Optimum workers say they visit as many as nine homes per day to connect boxes, resolve connectivity problems and more.
Gov. Andrew Cuomo’s weekend executive order put a statewide “pause” on all non-essential business as of Sunday, but exempted the telecommunication industry and others deemed necessary.
An Altice spokesperson said that the company found out Monday afternoon that “an Optimum technician in Brooklyn was diagnosed with COVID-19.”
“Upon learning of the situation, we immediately engaged with the NYC Department of Health, and out of an abundance of caution, we will be contacting residents serviced by this technician to make them aware,” spokesperson Lisa Anselmo said. “We wish our employee a speedy recovery.”
Marshall said Monday nobody from the company, except fellow technicians, has contacted him since he’s been sick.
“I don’t feel good,” he said, “because you’re working for the company and they’re not taking detection very seriously. They’re not.”
‘We Take This Seriously’
The company has, among other measures, given nitrile gloves to technicians and allowed them to take their work trucks home, so they don’t need to go to Altice centers where workers meet in the morning.
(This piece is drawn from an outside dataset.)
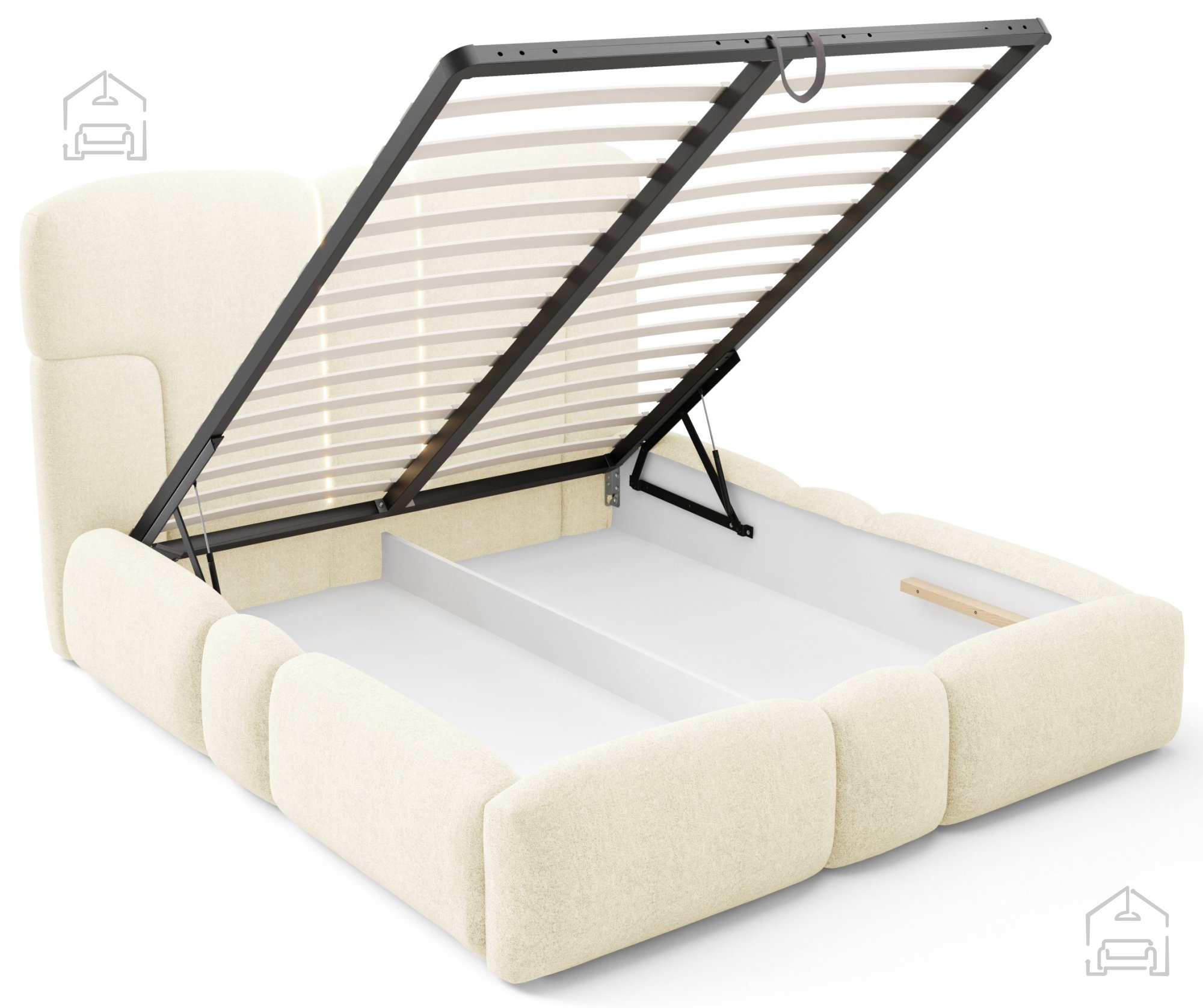 Vgrajeni dvižni mehanizem s plinskimi vzmetmi 1000N omogoča preprosto dvigovanje ležišča brez napora. Sistem je tih, varen in prilagojen vsakodnevni uporabi. Pod letvenim dnom se skriva prostoren predal, namenjen shranjevanju posteljnine, sezonskih oblačil ali drugih tekstilnih dodatkov. Takšna rešitev prihrani dragocen prostor v omari in ohranja spalnico urejeno. Elastične letvice zagotavljajo optimalno podporo vzmetnici ter omogočajo učinkovito prezračevanje, kar pripomore k daljši življenjski dobi ležišča.

Customers are called ahead of time to screen for signs of illness.
In addition, the company has provided its workers with hand sanitizer and disinfectant wipes.
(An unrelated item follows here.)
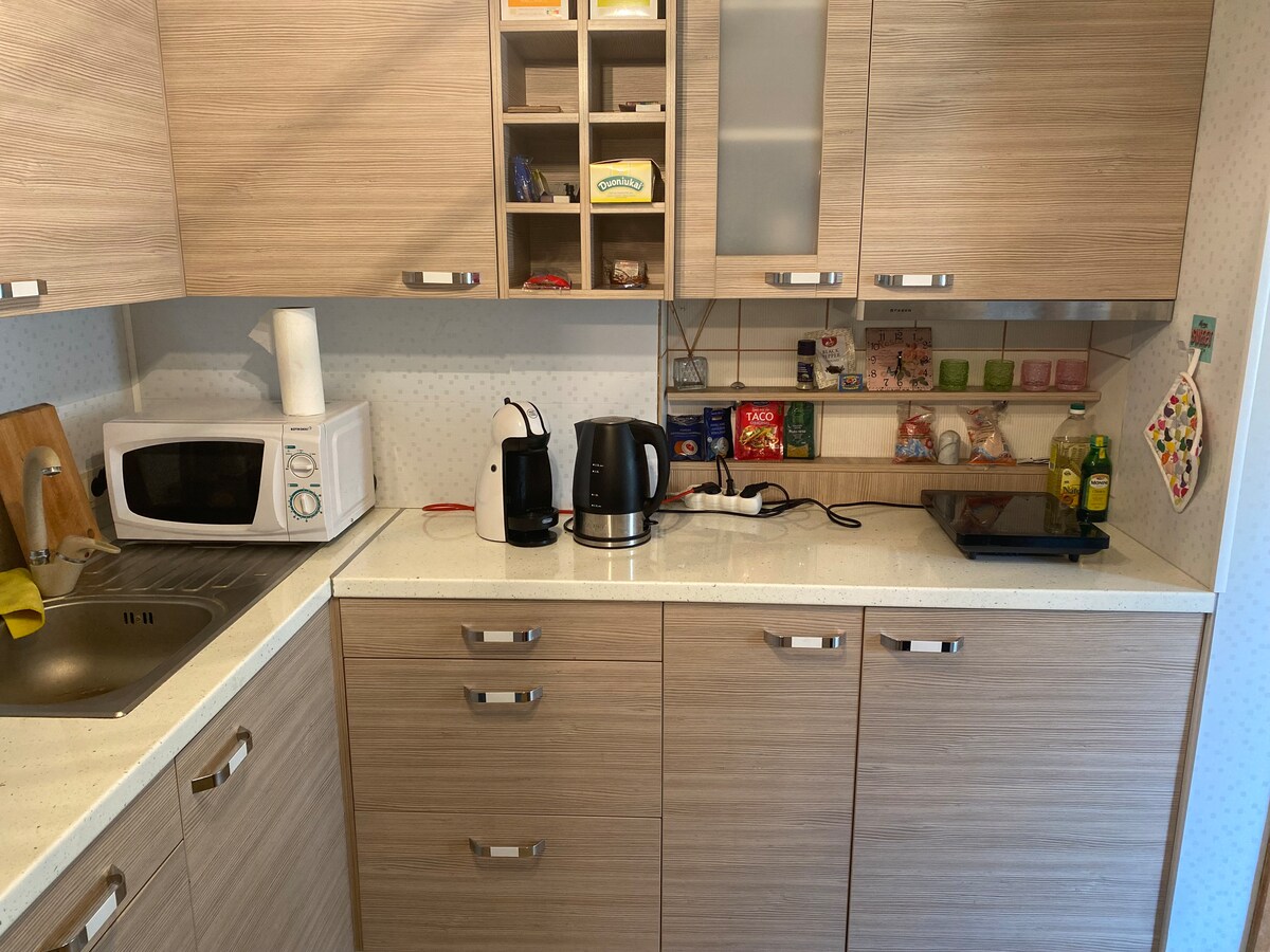 Un appartement chaleureux et coloré d'une chambre pouvant accueillir jusqu'à 4 personnes. • Linge de lit et serviettes propres fournis avant chaque séjour. • Nettoyage hebdomadaire et nouveau linge de lit, serviettes si vous séjournez plus d'une semaine. • Savon, shampoing, thé, café fournis. • Télévision connectée 4k 55 pouces • Wi-Fi haut débit ultra-rapide. • Cuisine équipée d'un micro-ondes de qualité, d'une bouilloire et d'autres appareils nécessaires, notamment un fer à repasser, une planche à repasser, un lave-linge, un réfrigérateur-congélateur. Casseroles, poêles et autres équipements nécessaires fournis pour les bases de la cuisine.

But technicians said hand sanitizers were only available at the centers — not for bringing along in their trucks — and the disinfectant wipes provided expired last year.
“We need a lot of help, as far as guidelines on how to better approach taking care of the customer without necessarily putting those frontline employees at risk,” said one longtime technician.
Anselmo said that the company was “seeking guidance” from the Centers for Disease Control and Prevention, the World Health Organization, health officials and government agencies.
“We take this seriously, which is why our top priority has been protecting the health and safety of our employees and customers while also providing the essential telecommunications services that are expected of us during this pandemic,” she said.
‘These Are Not Essential’
Workers interviewed by THE CITY said that they understood the importance of their work to the public, but want to feel more protected. They said the company could provide hazard pay, reduce the number of home visits and give all technicians hand sanitizer and protective gear, such as masks.
Optimum employees aren’t alone. Technicians for Spectrum, a telecom giant that services New Yorkers, are angry with what they call the lack of precautions taken by their employer during the pandemic, multiple outlets reported.
“Spectrum, as a company, is not taking care of its employees,” one technician from New York City told Buzzfeed News for a story published Monday. “We don’t have gloves, we don’t have masks, we don’t have hand sanitizer.” The company said it was working to address employees’ concerns.
One longtime Optimum technician told THE CITY that some of the house calls aren’t essential — like switching a person’s internet provider or increasing a customer’s internet speed.
“Our priorities now are to go and connect those who aren’t connected, whether it be for the students, whether it be people who haven’t been able to get any type of online connectivity,” said the technician, who requested anonymity so he could speak without fear of being fired.
Technicians interviewed said they feared getting infected and spreading the virus to loved ones.
“I do have a person in the home with me with serious respiratory issues as well as diabetes,” the veteran technician said.
“It’s just frustrating,” said another technician. “It’s the most helpless feeling that you can imagine.”
As for Marshall’s health, he said he was feeling a tad better from the past week, eating oranges and heeding his doctor’s guidance: staying home and taking ibuprofen. He offered others some advice of his own.
“Just be careful out there,” he said.